Below the three bent spikes in their circle stood a pair of unfamiliar words: AFRIKANER WEERSTANDSBEWEGING, and below them, in smaller letters, AFRIKANER RESISTANCE MOVEMENT. Lee cocked his head. He wondered what an Afrikaner was—not an African, certainly, not by the way the Rivington men treated Negroes—and whether the name betokened resistance against Afrikaners, whatever they were, or by them.

He deliberately turned away from the poster, refusing to let inessentials sidetrack him” He walked over to the polished metal door, set his hand on the knob. The lieutenant dashed up and tried to turn it for him. This time, he refused to yield his place. The men on the other side of that door had done everything but fire a Napoleon at it—and they’d contemplated that, desisting only for fear of damaging the room the door guarded. Were it hooked to a torpedo, they surely would have set off the explosive charge.

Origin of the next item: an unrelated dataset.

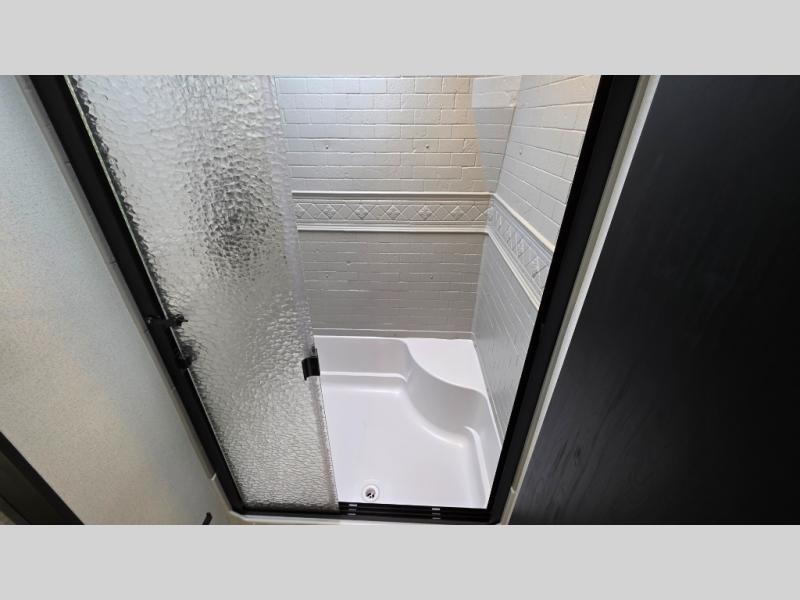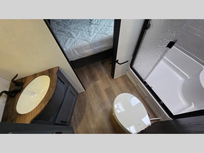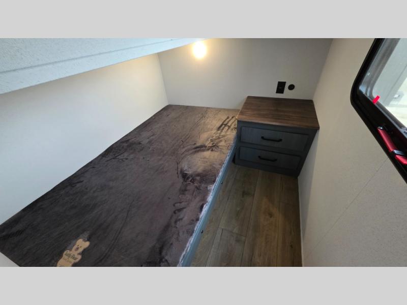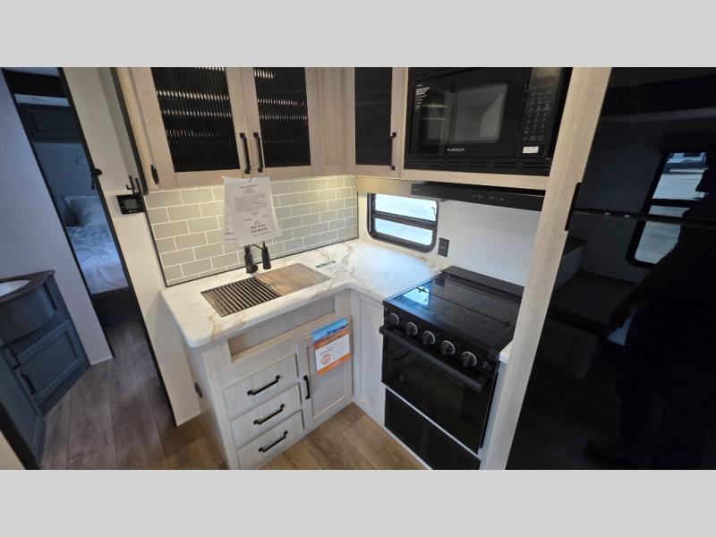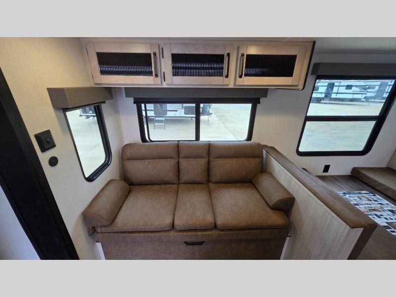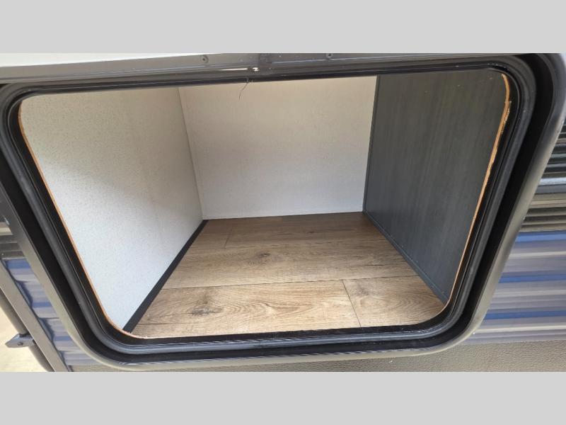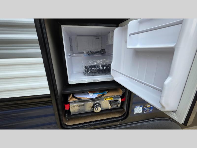This travel trailer is perfect for camping with a larger group of friends or if you have older kids since there are two private bunkrooms! Each room includes a bunk bed and storage space for clothes, shoes, and more. You'll enjoy your own space up front in the master bedroom that includes a queen bed, dual shirt closets, and one of the dual entry doors to the unit for added convenience. Everyone can come together in the combined living area and kitchen that includes a large slide out with a sofa and booth dinette, plus there is a fireplace to make this space feel more like home. And a full kitchen lets you create home-cooked meals each day.

He worked the knob. It did not turn smoothly—the Confederates had managed that much, at any rate, in their efforts to force it—but it turned. The door was heavy. Lee had to exert his full strength to pull it back, and the massive hinges squealed in protest as he did so, but it opened. A couple of officers standing on the other side stared at him, then grinned and began to clap.

Their applause was joined by another noise, a low, throaty rumble, that began as soon as the door swung wide. They stopped clapping. The rumble went on. Looking about for its source, Lee decided after a few seconds that it was somehow coming from within the thickened wall. It sounded mechanical, though not really like a steam engine. He wondered why anyone would want to conceal something mechanical inside a wall.

Behind him, in the hidden chamber, the lieutenant cried out. He whirled, wondering what trap the youngster had sprung. He saw no trap, only the lieutenant’s startled face. He saw that very clearly, for several long, thin tubes mounted on the ceiling—he’d not noticed them before; who notices ceilings?—had suddenly started shedding a fine, white light that illuminated the room as well as hazy sunshine might have. “What on earth—?” the lieutenant said. Lee did not know what on earth, either, though after a moment’s reflection he supposed he should not have been surprised the Rivington men enjoyed better lamps even than gaslight. But understanding all their tricks was another inessential now. The shining tubes let him read the titles of the volumes that packed these secret bookshelves. As soon as he saw the Picture History of the Civil War was one of them, the shelves drew him like a lodestone.